- [Items from a data source]
□ □ □

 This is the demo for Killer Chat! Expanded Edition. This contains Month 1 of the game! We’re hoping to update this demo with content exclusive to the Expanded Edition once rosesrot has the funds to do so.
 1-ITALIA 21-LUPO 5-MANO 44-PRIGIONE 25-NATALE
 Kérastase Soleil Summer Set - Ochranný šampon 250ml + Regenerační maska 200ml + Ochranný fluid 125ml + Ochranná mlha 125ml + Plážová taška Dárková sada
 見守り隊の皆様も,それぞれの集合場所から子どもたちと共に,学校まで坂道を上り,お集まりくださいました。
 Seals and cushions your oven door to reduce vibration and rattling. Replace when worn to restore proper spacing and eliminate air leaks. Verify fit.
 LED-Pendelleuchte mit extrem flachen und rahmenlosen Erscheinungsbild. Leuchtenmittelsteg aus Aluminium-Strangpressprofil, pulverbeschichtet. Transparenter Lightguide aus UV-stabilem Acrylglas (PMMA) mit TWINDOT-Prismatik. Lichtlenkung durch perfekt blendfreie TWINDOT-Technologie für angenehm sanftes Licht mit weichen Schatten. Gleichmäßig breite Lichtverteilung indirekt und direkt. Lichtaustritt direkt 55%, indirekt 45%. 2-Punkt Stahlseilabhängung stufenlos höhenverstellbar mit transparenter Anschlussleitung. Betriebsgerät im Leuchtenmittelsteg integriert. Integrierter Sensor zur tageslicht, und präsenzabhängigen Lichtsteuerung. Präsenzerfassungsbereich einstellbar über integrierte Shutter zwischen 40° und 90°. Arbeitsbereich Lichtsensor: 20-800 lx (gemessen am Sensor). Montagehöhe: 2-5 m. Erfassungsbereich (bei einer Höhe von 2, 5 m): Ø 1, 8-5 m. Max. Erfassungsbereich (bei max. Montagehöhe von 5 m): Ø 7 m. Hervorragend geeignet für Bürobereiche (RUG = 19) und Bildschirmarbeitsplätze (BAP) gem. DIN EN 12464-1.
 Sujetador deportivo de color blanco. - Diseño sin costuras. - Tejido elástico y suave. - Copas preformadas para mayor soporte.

□ □ □

- [What you will do] When you write the entries out again, keep every word and mark exactly as it is.

- [Solution to the exercise]
 This is the demo for Killer Chat! Expanded Edition. This contains Month 1 of the game! We’re hoping to update this demo with content exclusive to the Expanded Edition once rosesrot has the funds to do so.
 1-ITALIA 21-LUPO 5-MANO 44-PRIGIONE 25-NATALE
 Kérastase Soleil Summer Set - Ochranný šampon 250ml + Regenerační maska 200ml + Ochranný fluid 125ml + Ochranná mlha 125ml + Plážová taška Dárková sada
 見守り隊の皆様も,それぞれの集合場所から子どもたちと共に,学校まで坂道を上り,お集まりくださいました。
 Seals and cushions your oven door to reduce vibration and rattling. Replace when worn to restore proper spacing and eliminate air leaks. Verify fit.
 LED-Pendelleuchte mit extrem flachen und rahmenlosen Erscheinungsbild. Leuchtenmittelsteg aus Aluminium-Strangpressprofil, pulverbeschichtet. Transparenter Lightguide aus UV-stabilem Acrylglas (PMMA) mit TWINDOT-Prismatik. Lichtlenkung durch perfekt blendfreie TWINDOT-Technologie für angenehm sanftes Licht mit weichen Schatten. Gleichmäßig breite Lichtverteilung indirekt und direkt. Lichtaustritt direkt 55%, indirekt 45%. 2-Punkt Stahlseilabhängung stufenlos höhenverstellbar mit transparenter Anschlussleitung. Betriebsgerät im Leuchtenmittelsteg integriert. Integrierter Sensor zur tageslicht, und präsenzabhängigen Lichtsteuerung. Präsenzerfassungsbereich einstellbar über integrierte Shutter zwischen 40° und 90°. Arbeitsbereich Lichtsensor: 20-800 lx (gemessen am Sensor). Montagehöhe: 2-5 m. Erfassungsbereich (bei einer Höhe von 2, 5 m): Ø 1, 8-5 m. Max. Erfassungsbereich (bei max. Montagehöhe von 5 m): Ø 7 m. Hervorragend geeignet für Bürobereiche (RUG = 19) und Bildschirmarbeitsplätze (BAP) gem. DIN EN 12464-1.
 Sujetador deportivo de color blanco. - Diseño sin costuras. - Tejido elástico y suave. - Copas preformadas para mayor soporte.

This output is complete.